I never anticipated having a child with disabilities. My family was relatively healthy, and the idea never crossed my mind. I was just a mom having another baby, the last one, and we had grand plans to travel the world once she was off to college. But then life threw me a curveball.

I was a mom who had always experienced babies who hit milestones early—crawling, walking, talking. So when my daughter, Lily, was slow to develop, I chalked it up to her being a late bloomer. That perspective changed drastically as I found myself grappling with blood draws, geneticists, and countless therapies. I was thrust into the world of special needs without any guide, other than that frustrating “Welcome to Holland” essay that only made me more agitated.

I spent sleepless nights researching possible causes for Lily’s challenges and preparing questions for doctors, terrified of both getting answers and remaining in the dark. I was a mom navigating the special education system, learning as I went along, and trying to figure out which battles were worth fighting. Along the way, I met incredible people who chose to dedicate their lives to helping children like mine.

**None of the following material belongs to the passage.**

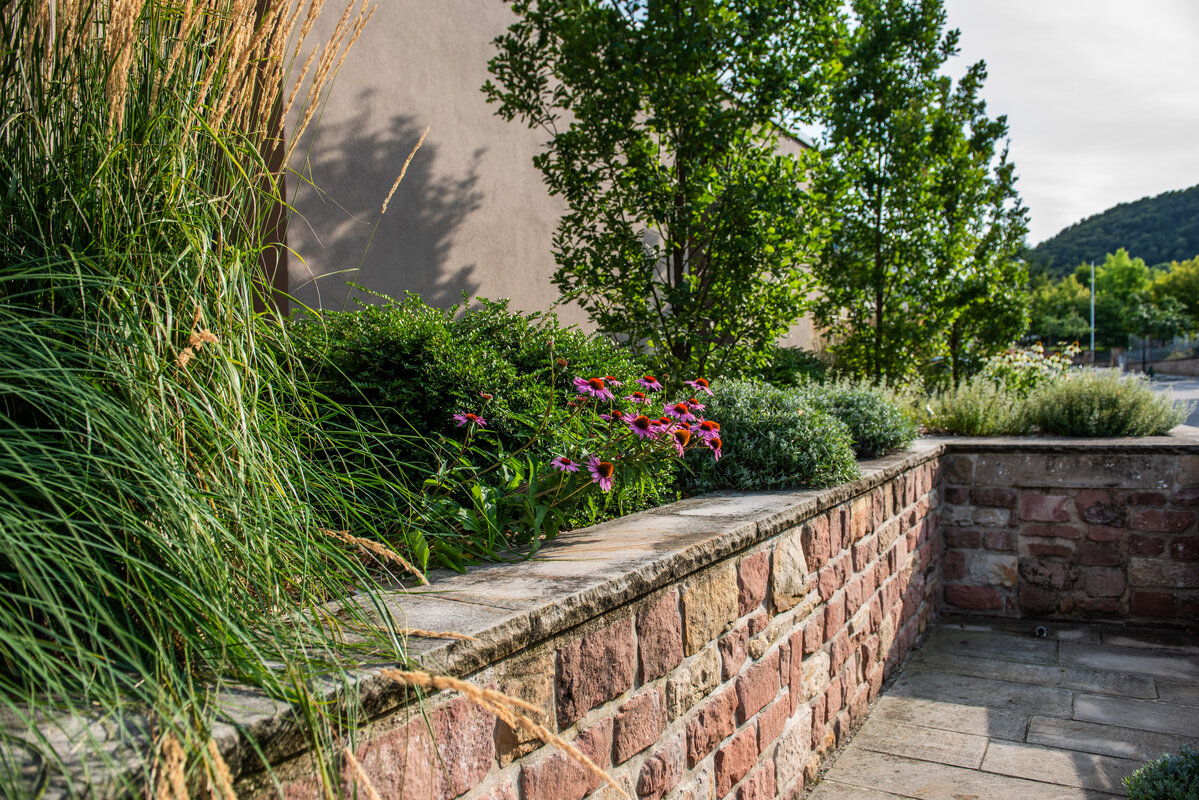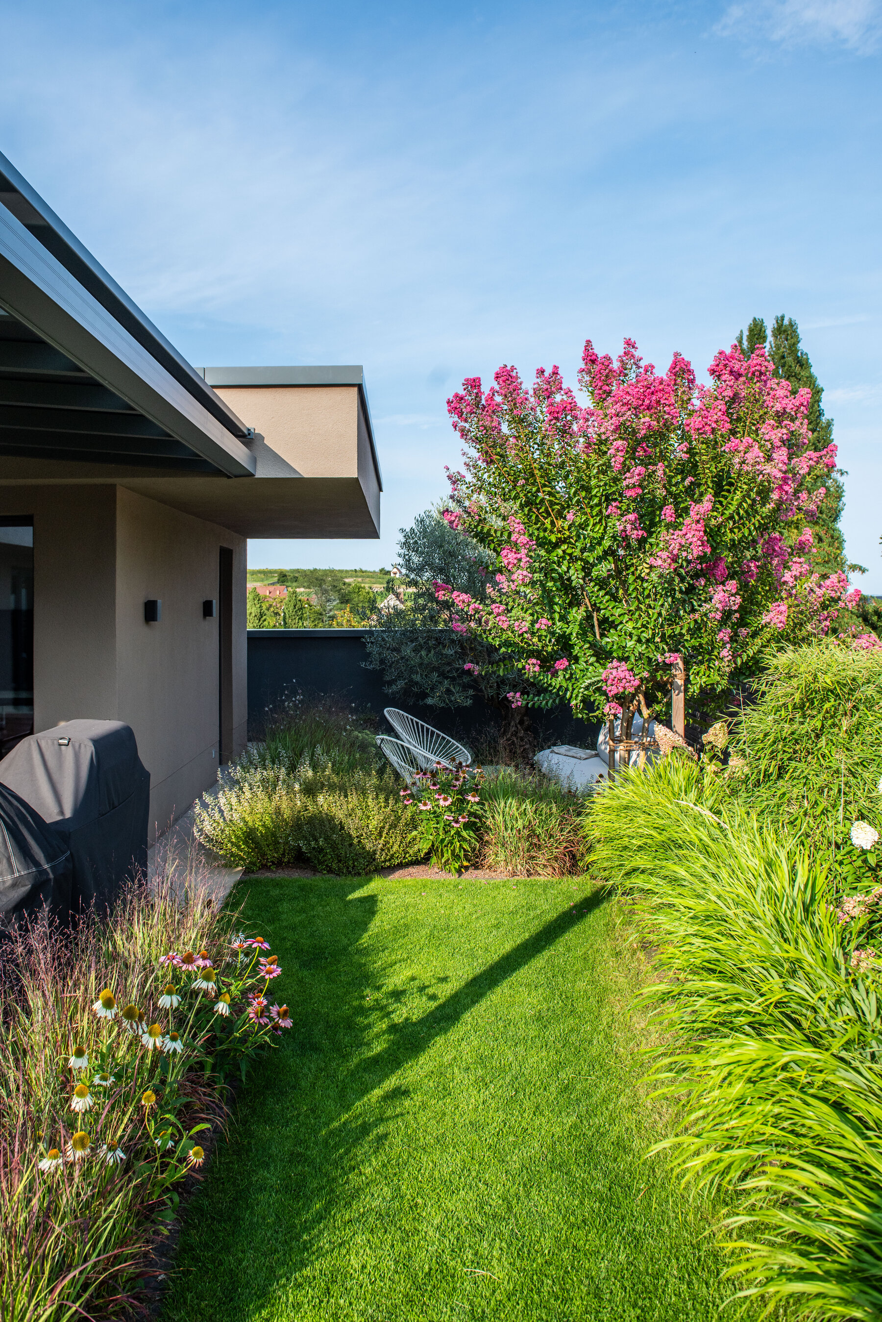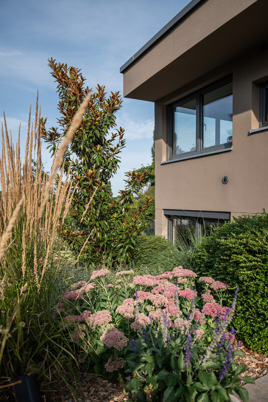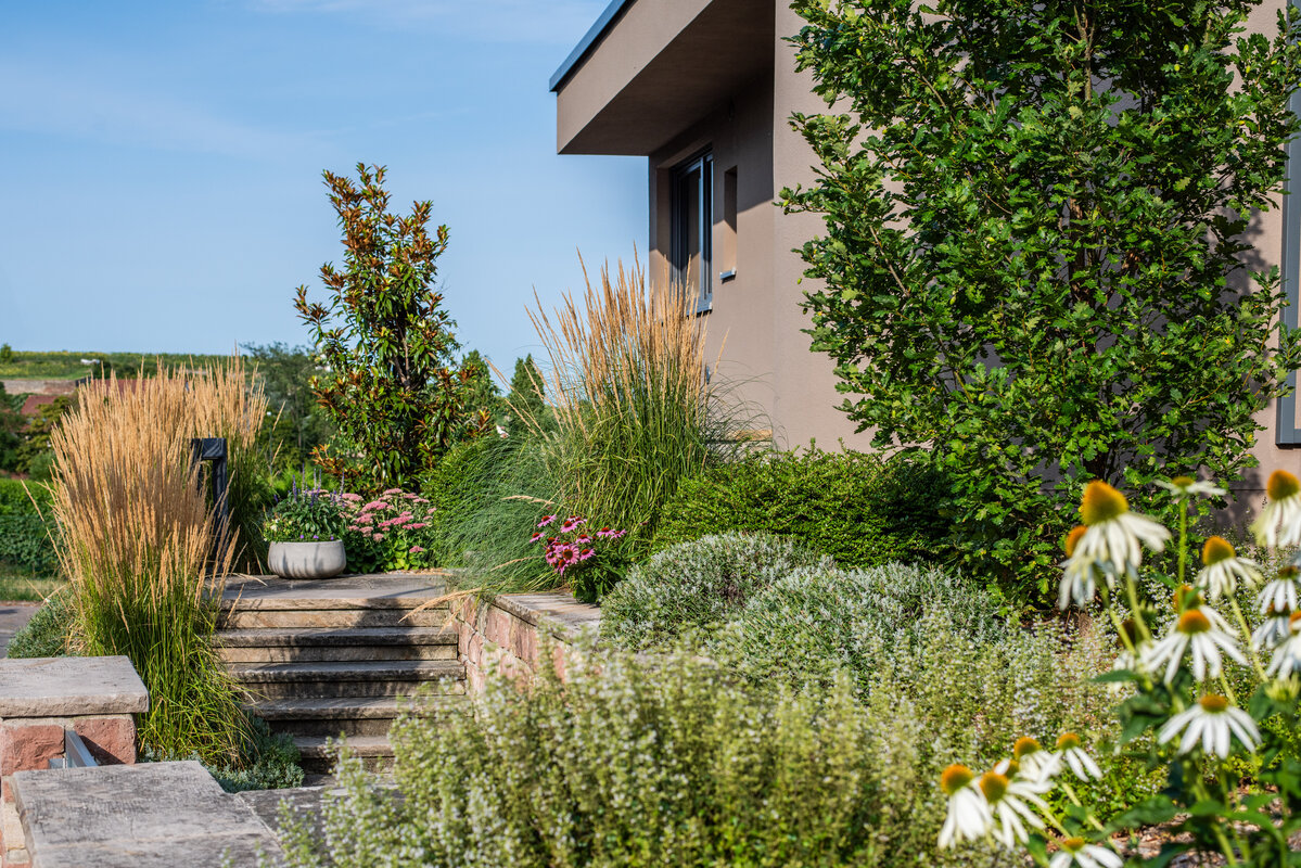 Die Linienführung der Architektur setzt sich im Garten fort, wobei auf eine ruhige Formsprache geachtet wurde. Großformatige Keramikplatten in schlichter Farbgebung bilden die Basis für die neuen Flächen. Um Struktur in das Gelände zu bringen, wurde ein gezieltes Höhenspiel aus markanten Hochstämmen eingesetzt, das von farbfrohen Gräsern und blühenden Stauden unterstrichen wird. Während der Vorgarten durch eine üppige Bepflanzung eine lebendige Note erhält, lädt ein Freisitz aus Holz dazu ein, den Blick über die Weinberge der Haardt schweifen zu lassen.

On top of that, I was still a mom to my other kids, who each had their own hurdles to clear. I may know a lot about Lily’s situation—more than the average person about issues like constipation or developmental delays—but I’m no expert on all special needs. I can’t pretend to understand what it’s like to parent a child with severe autism or significant mobility challenges. I have no desire to be a doctor or a therapist; I’m just a mom.

What I do have is a wealth of knowledge gained through my experiences, and my journey has introduced me to other parents who share their own struggles and triumphs. We all juggle the everyday parenting tasks—like unloading the dishwasher, planning Halloween costumes, or dealing with morning wardrobe battles. We’re still parents at our core, navigating this extraordinary life together.

So yes, I’m an expert on my daughter, Lily, but that doesn’t make me an authority on all things special needs. I’m just a mom, and you can learn a thing or two just by listening to our stories and being open to understanding.

If you’re interested in more insights on parenting and fertility, don’t forget to check out this great resource on pregnancy and home insemination or explore our discussion about the fertility journey. There’s so much out there to learn!

Summary

Ultimately, being a parent means embracing the unexpected, learning along the way, and connecting with others who share similar experiences. While I may be an expert on my own daughter, I remain just a mom navigating this journey with love and resilience.